The Problem

Some time ago I received an email from Let’s Encrypt on the email address I had used to register my certbot client with.

According to our records, the software client you’re using to get Let’s Encrypt TLS/SSL certificates issued or renewed at least one HTTPS certificate in the past two weeks using the ACMEv1 protocol. Here are the details of one recent ACMEv1 request from each of your account(s):

Client IP address: xxx.xxx.xxx.xxx

User agent: CertbotACMEClient/0.23.0 (certbot; Ubuntu 18.04.3 LTS) Authenticator/webroot Installer/apache (run; flags: ) Py/3.6.8

Hostname(s): “www.subdomain.mydomain.com”,”subdomain.mydomain.com” … “subdomain.mydomain.co.uk”

Request time: 2020-01-29 19:51:50 UTC
Beginning June 1, 2020, we will stop allowing new domains to validate using the ACMEv1 protocol. You should upgrade to an ACMEv2 compatible client before then, or certificate issuance will fail. For most people, simply upgrading to the latest version of your existing client will suffice.

It turns out it was not as simple as I or the above email thought it would be…

Debugging

Useful information when debugging your Let’s Encrypt installation:

  • Find your Let’s Encryp log files at /var/log/letsencrypt/letsencrypt.log
  • Using the timestamp from your warning email find the call corresponding to your renewal, verify it is indeed using the V1 API calls.

Upgrading

For some reason it seems that my installation had become broken when I saw these messages in my log files:

2020-03-09 20:15:06,019:WARNING:certbot.renewal:expected /etc/letsencrypt/live/www.subdomain.mydomain.com/cert.pem to be a symlink

2020-03-09 20:15:06,019:WARNING:certbot.renewal:Renewal configuration file /etc/letsencrypt/renewal/www.subdomain.mydomain.com.conf is broken. Skipping.

I ran --reinstall on my certbot instance against the legacy V1 API to reinstate my certificate symlinks and apache configuration files.

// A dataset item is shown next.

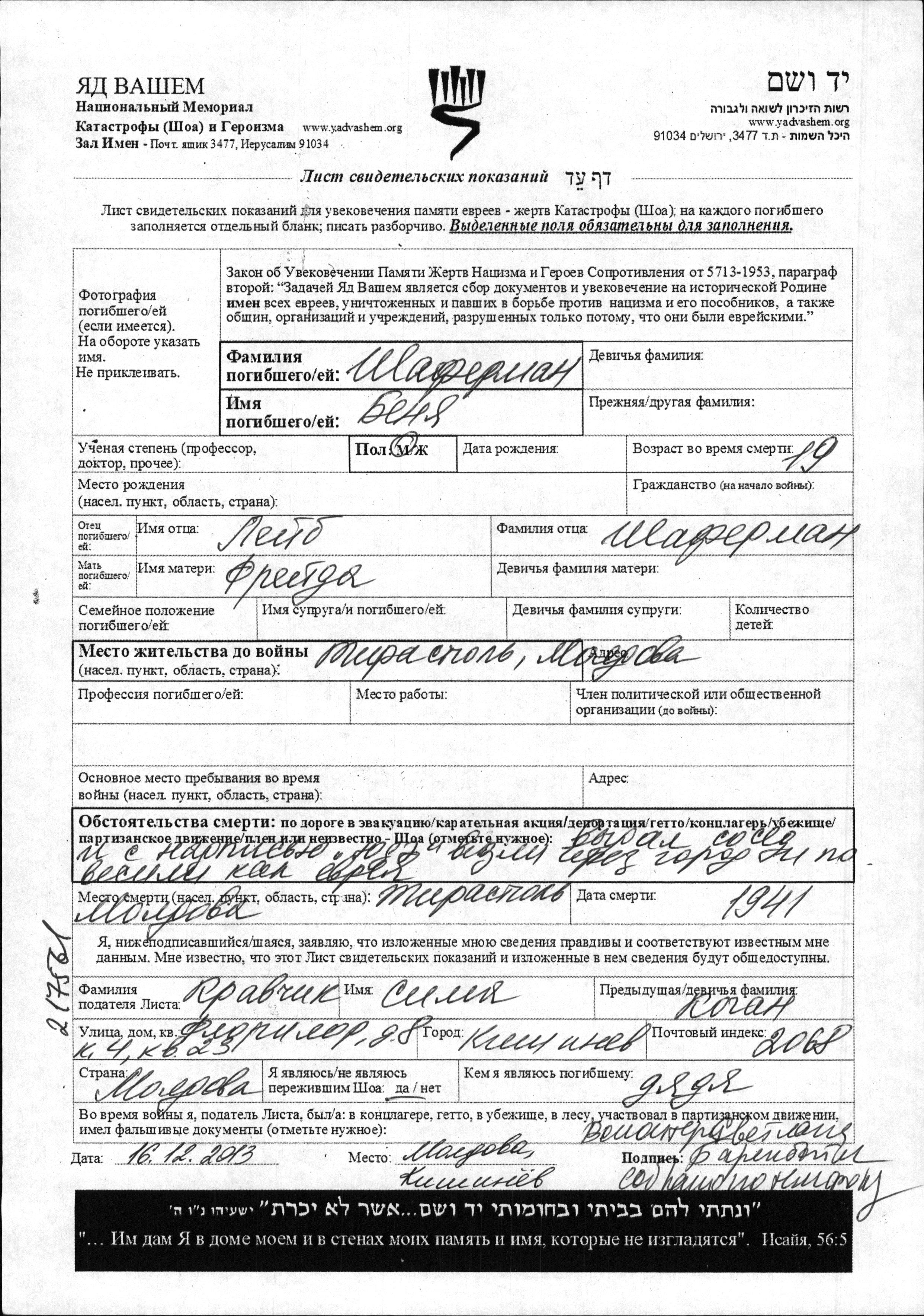 Shaferman Benya 1922 Tiraspol, Ukraine (URSS) Feuille de témoignage

Now for the upgrade itself.

  • apt-get install --upgrade-only certbot to upgrade your certbot installation
    • Then you can re-run your renewal or your installation depending on how close to your certificate expiry you are.
  • As the production version of LetsEncrypt is rate limited you’ll want to test it out on the staging environment first using the dry-run command:
    • --dry-run -i apache -a webroot -d www.subdomain.mydomain.com -w /var/www/mysite/

At this point you may see the following error in your logs:

Link: https://acme-staging-v02.api.letsencrypt.org/directory;rel=”index”

b’{\n “type”: “urn:ietf:params:acme:error:malformed”,\n “detail”: “Method not allowed”,\n “status”: 405\n}’

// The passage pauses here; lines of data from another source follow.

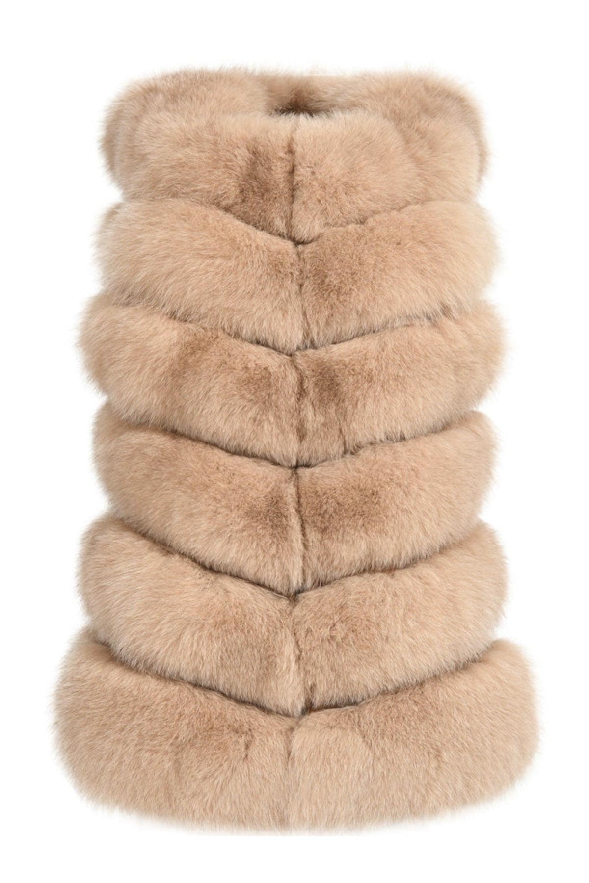 Wanan Touch giacca in pelliccia di volpe con chiusura a gancetti, modello senza maniche.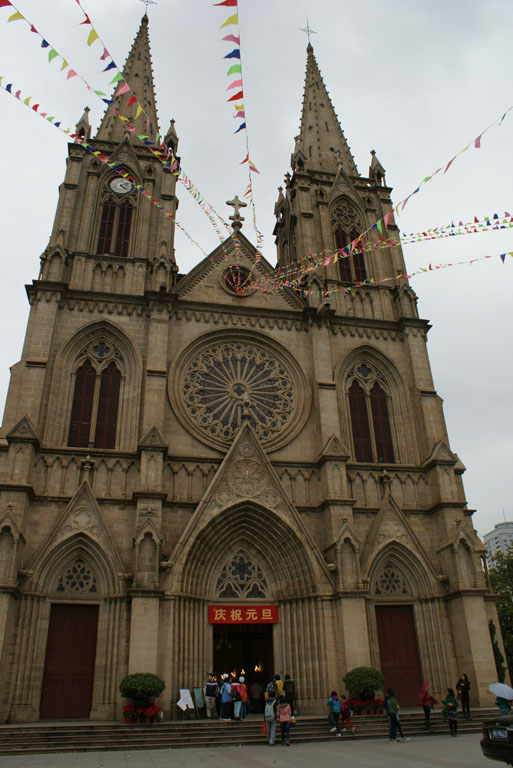 Ora bem. Até aqui tínhamos tido experiências, pode dizer-se, de diferentes épocas em Guangzhou. Começámos com o metro dos nossos tempos, seguido da arquitectura futurista, um pouco mais para trás para a arquitectura dos anos 80 do mausoléu e por fim nos templos de mais de mil anos. Havia de se seguir uma visita àCatedral do Sagrado Coração, precisamente no coração da cidade velha de Guangzhou, construção esta do século XIX, influência ocidental no sul da China em consequência das derrotas autóctones às mãos dos estrangeiros.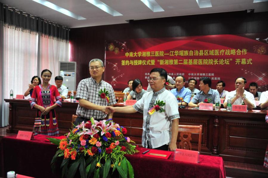 2013年6月19日,中南大學(xué)湘雅三醫(yī)院為江華縣人民醫(yī)院授牌“中南大學(xué)湘雅三醫(yī)院技術(shù)指導(dǎo)醫(yī)院”,與江華縣人民政府簽署醫(yī)療幫扶戰(zhàn)略協(xié)議,與江華縣人民醫(yī)院簽署醫(yī)療幫扶合作協(xié)議,拉開(kāi)健康扶貧的序幕。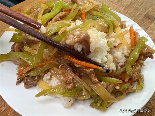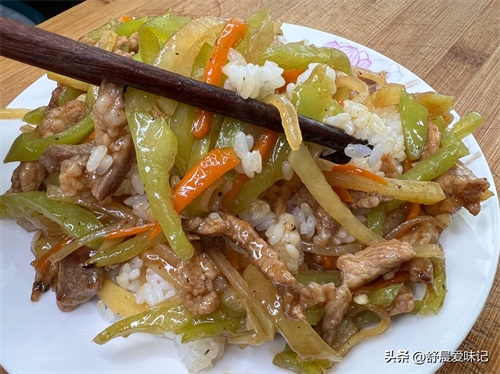 16元一份的肉丝盖浇饭,在家自己做,放青椒和土豆丝,量大料足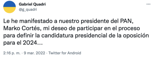 Tiempo de lectura: < 1 minutoPortada: El Chamuco (09 DE MARZO, 2022).- Este miércoles, Gabriel Quadri, diputado federal del PAN,...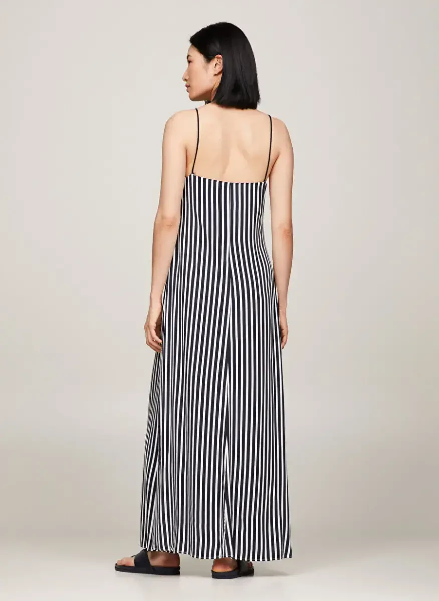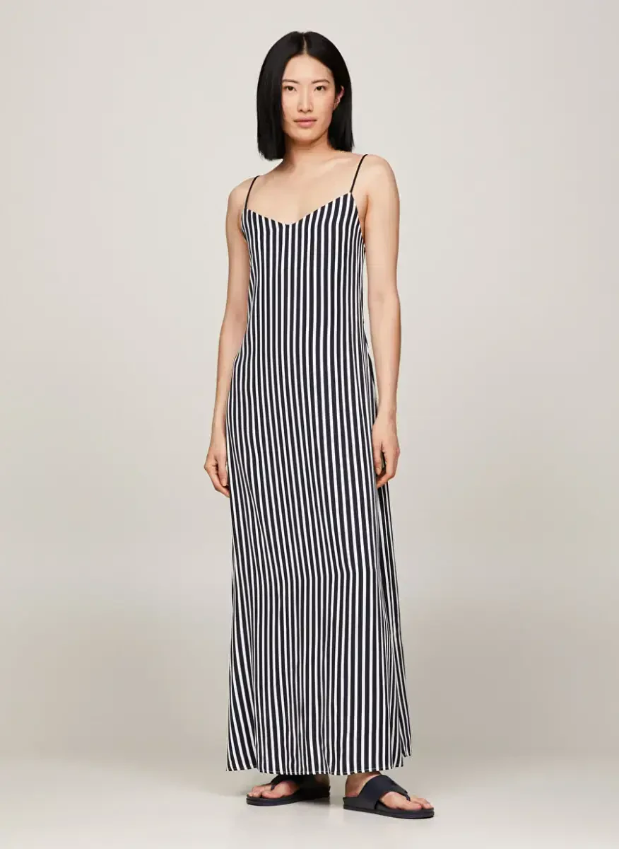 Add a modern and stylish touch to your style with the Tommy Hilfiger V-Neck Striped Navy Blue Long Women's Dress FLUID STRIPE ANKLE SLIP DRESS. This dress, one of the most popular pieces of the 2024 Spring/Summer season, offers a perfect option for daily use. Combining the elegance of navy blue and the dynamism of the striped pattern, this long dress is a candidate to be an indispensable part of your wardrobe. Thanks to its 100% viscose material, it offers a comfortable and light use experience throughout the day, while its woven fabric type ensures that you do not compromise on your elegance. With its V-neck, strap detail and pocketed design, this dress, which is both comfortable and useful, fits your body perfectly thanks to its normal fit. You can easily choose this dress for your daily combinations or special events, and it will keep its place in your wardrobe for many years with Tommy Hilfiger quality. While offering safe use with its non-see-through structure thanks to its textile lining, it also creates an elegant silhouette with its long length. Fluid Stripe Ankle Slip Dress is an ideal choice for women who want to combine both comfort and elegance. This dress, which will be the choice of those who want to look remarkable and stylish in any environment, offers a modern alternative in daily wear. Let your style speak with this dress that reflects Tommy Hilfiger's unique design understanding. This piece, which should definitely be in your closet, prioritizes your elegance and comfort. Available in sizes 34, 36, 38 and 40, this dress is suitable for every body type and makes every woman feel special.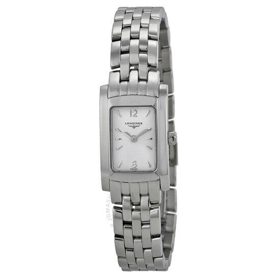 Stainless steel case with a stainless steel bracelet. Fixed stainless steel bezel. White dial with silver-tone hands and index hour markers. Arabic numerals mark the 6 and 12 o'clock positions. Dial Type: Analog. Quartz movement. Scratch resistant Sapphire crystal. Pull / push crown. Solid case back. Case dimensionsr: 16 mm x 20 mm. Case thickness: 6.5 mm. Rectangle case shape. Bracelet width: 12 mm. Deployment clasp with a push button release. Water resistant at 50 meters / 165 feet. Functions: hour, minute. Casual watch style. Longines Dolce Vita Ladies Watch L5.158.4.16.6.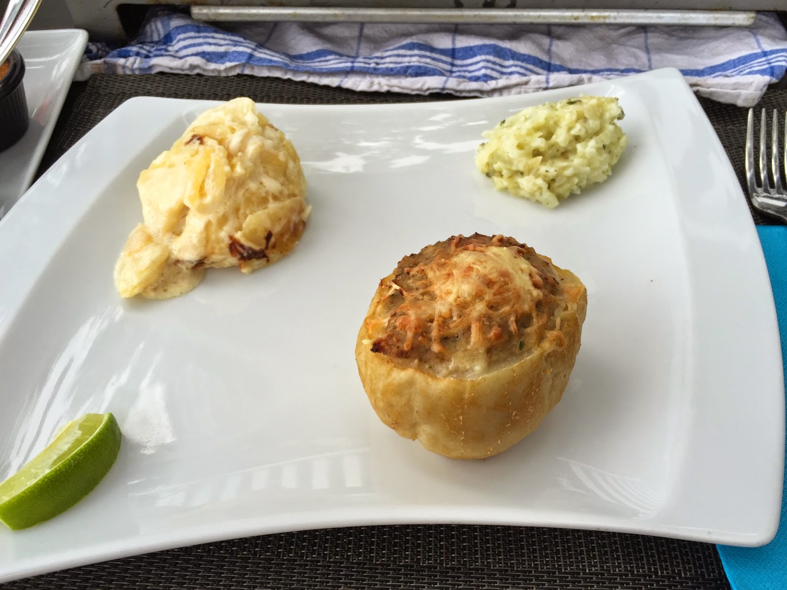 Un petit resto le midi, on se fait plaisir c’est notre dernier jour ! Et on a envie de manger du poisson, car contrairement aux apparences, on ne trouve pas beaucoup de poisson frais ! Du coup, on s’est pris une pierrade de poisson pour nous deux avec son accompagnement et ses sauces.

  • Run apt-get install --upgrade-only python3-acme to update the python3-acme package which solves the *Method not allowed** error you may get on staging.

Now you should be able to rerun the dry-run successfully.

/etc/letsencrypt/accounts/ will have directories listing the accounts you’ve used, the API versions are in the names of these accounts, if you have acme-v02.api.letsencrypt.org then you’ve been successful.

Summary

I had to upgrade more than just my certbot client:

  • python3-acme was at 0.23.0-1, upgraded to 0.31.0-2
  • certbot was at 0.23.0-1, upgraded to 0.27.0-1

Also it helps to verify that your installation for V1 is still working as expected too.